_What to do:_
Exactly the lines from the one containing "Selling a pair" through the end of the listing must make up the answer, with no pictures included.

_Data shown:_
━━━━

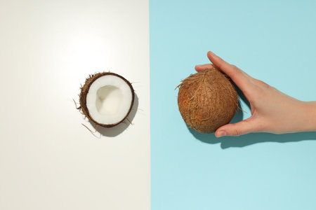 top view of ripe coconut halves on bicolor background
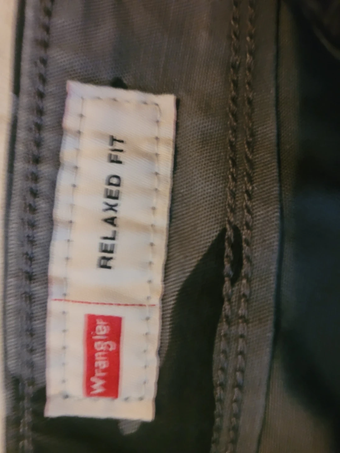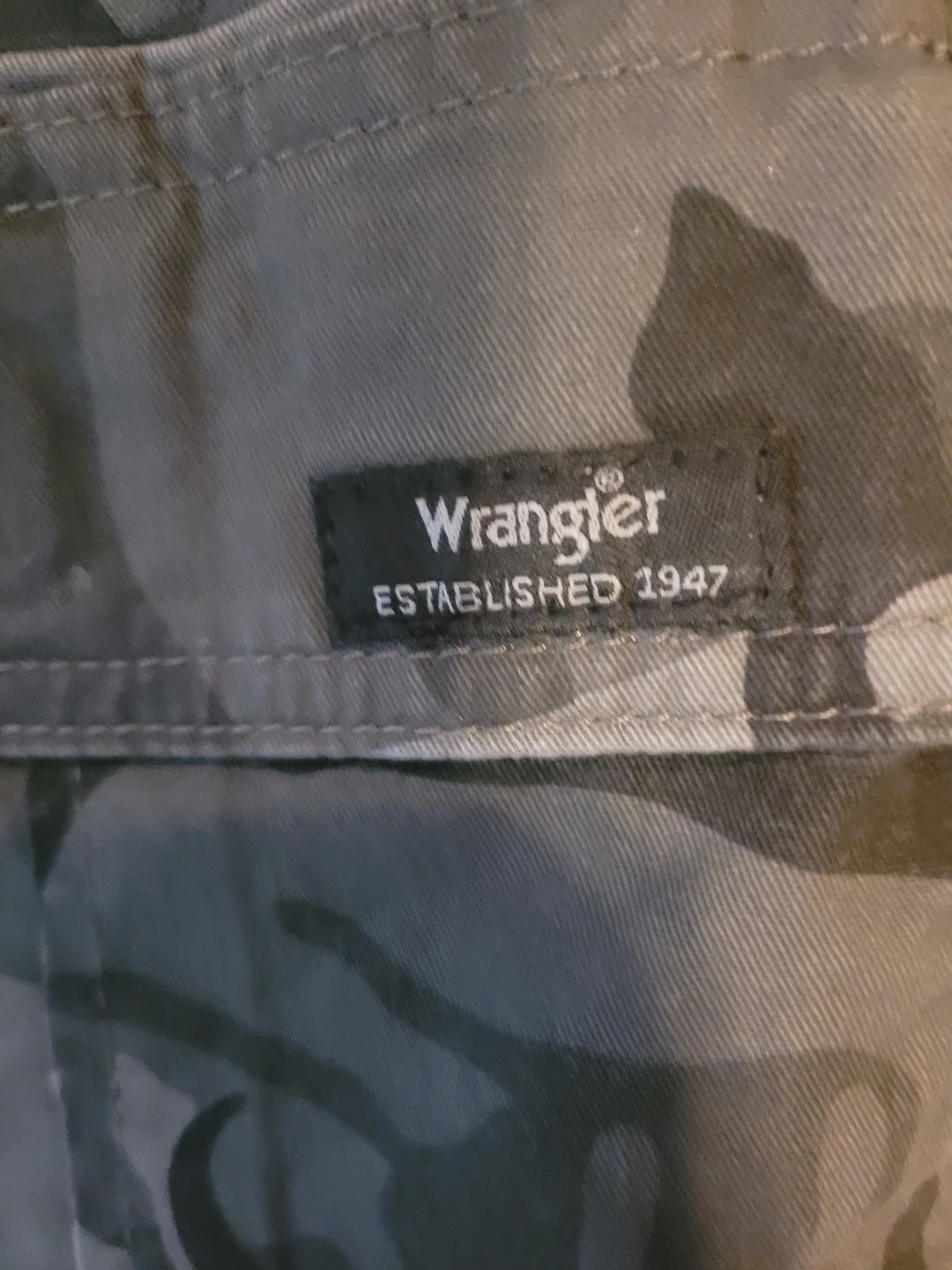 Selling a pair of Wrangler relaxed fit cargo shorts in a cool camo pattern! These shorts are perfect for casual wear or outdoor adventures. They're comfortable and have plenty of pocket space.
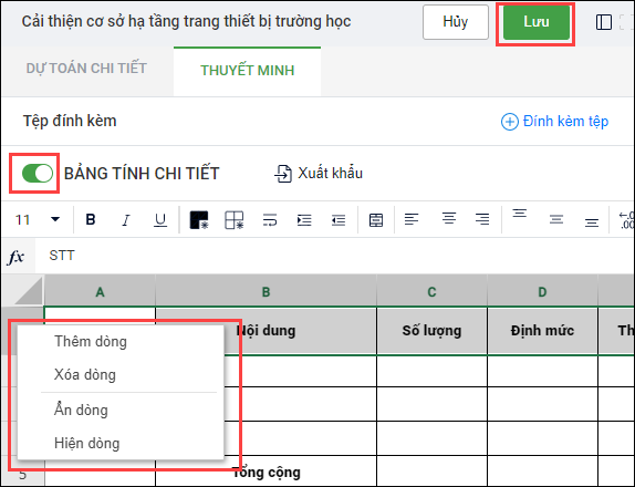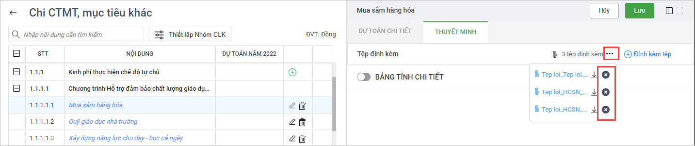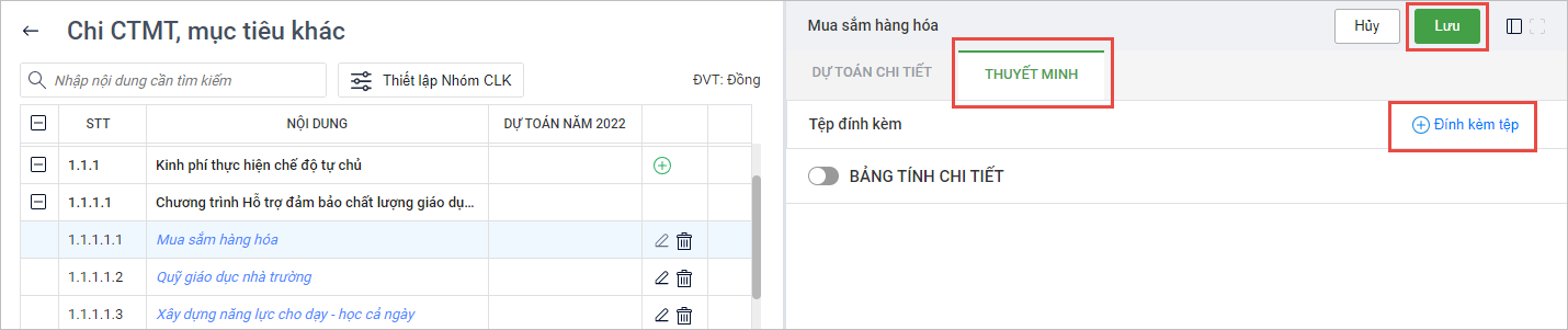- Để thuyết minh số liệu cho nội dung chi, chọn Đính kèm tệp, chọn tệp đính kèm, sau đó nhấn Lưu.

━━━━

_Solution to this problem:_
 Selling a pair of Wrangler relaxed fit cargo shorts in a cool camo pattern! These shorts are perfect for casual wear or outdoor adventures. They're comfortable and have plenty of pocket space.
- Để thuyết minh số liệu cho nội dung chi, chọn Đính kèm tệp, chọn tệp đính kèm, sau đó nhấn Lưu.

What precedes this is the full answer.